The library I am using dictates that retrieving pixels from an image must be done one line at a time. To this end I malloc
a block of memory which can host one row of pixels (BMM_Color_fl
is a struct containing one pixel's RGBA data as four float values, and GetLinearPixels()
copies one row of pixels from a bitmap into a BMM_Color_fl
array.)
BMM_Color_fl* line = (BMM_Color_fl*)malloc(width * sizeof(BMM_Color_fl));
for (int y = 0; y < height, y++)
{
bmp->GetLinearPixels(0, y, width, line); //Copy data of row Y from bitmap into line.
BMM_Color_fl* pixel = line; //Get first pixel of line.

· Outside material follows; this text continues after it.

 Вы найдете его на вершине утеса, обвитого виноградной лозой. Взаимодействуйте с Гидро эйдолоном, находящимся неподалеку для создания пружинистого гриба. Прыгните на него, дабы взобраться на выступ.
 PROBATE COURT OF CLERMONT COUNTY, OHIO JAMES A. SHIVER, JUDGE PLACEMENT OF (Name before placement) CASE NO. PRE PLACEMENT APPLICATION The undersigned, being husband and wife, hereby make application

for (int x = 0; x < width; x++, pixel++) // For each pixel in the row...
{
//Do stuff with a pixel.
}
}
free(line);
So far so good!
For the sake of reducing execution time of this loop, I have written a concurrent version using parallel_for
, which looks like this:
parallel_for(0, height, [&](int y)
{
BMM_Color_fl* line = (BMM_Color_fl*)malloc(width * sizeof(BMM_Color_fl));
bmp->GetLinearPixels(0, y, width, line);
BMM_Color_fl* pixel = line;
for (int x = 0; x < width; x++, pixel++)
{
//Do stuff with a pixel.
}
free(line);
});
While the multithreaded loop is already faster than the original, I realize it is impossible for all threads to use the same memory block, so currently I am allocating and freeing the memory at each loop iteration, which is obviously wasteful as there will never be more threads than loop iterations.
My question is if and how can I have each thread malloc
exactly one line buffer and use it repeatedly (and ideally, free it at the end)?

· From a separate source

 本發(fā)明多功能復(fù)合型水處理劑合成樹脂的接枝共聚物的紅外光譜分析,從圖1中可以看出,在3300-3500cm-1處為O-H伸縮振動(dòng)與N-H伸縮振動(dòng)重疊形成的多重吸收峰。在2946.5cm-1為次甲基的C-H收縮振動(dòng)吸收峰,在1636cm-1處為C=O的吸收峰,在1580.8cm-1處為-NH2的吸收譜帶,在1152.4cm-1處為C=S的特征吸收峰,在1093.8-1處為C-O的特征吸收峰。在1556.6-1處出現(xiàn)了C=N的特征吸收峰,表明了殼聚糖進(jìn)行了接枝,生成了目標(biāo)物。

- As a disclaimer I must state I am a novice C++ user.
Implementation of suggested solutions:
Concurrency::combinable<std::vector<BMM_Color_fl>> line;
parallel_for(0, height, [&] (int y)
{
std::vector<BMM_Color_fl> lineL = line.local();
if (lineL.capacity() < width) lineL.reserve(width);
bmp->GetLinearPixels(0, y, width, &lineL[0]);
for (int x = 0; x < width; x++)
{
BMM_Color_fl* pixel = &lineL[x];
//Do stuff with a pixel.
}
});
As suggested, I canned the malloc
and replaced it with a vector
+reserve
.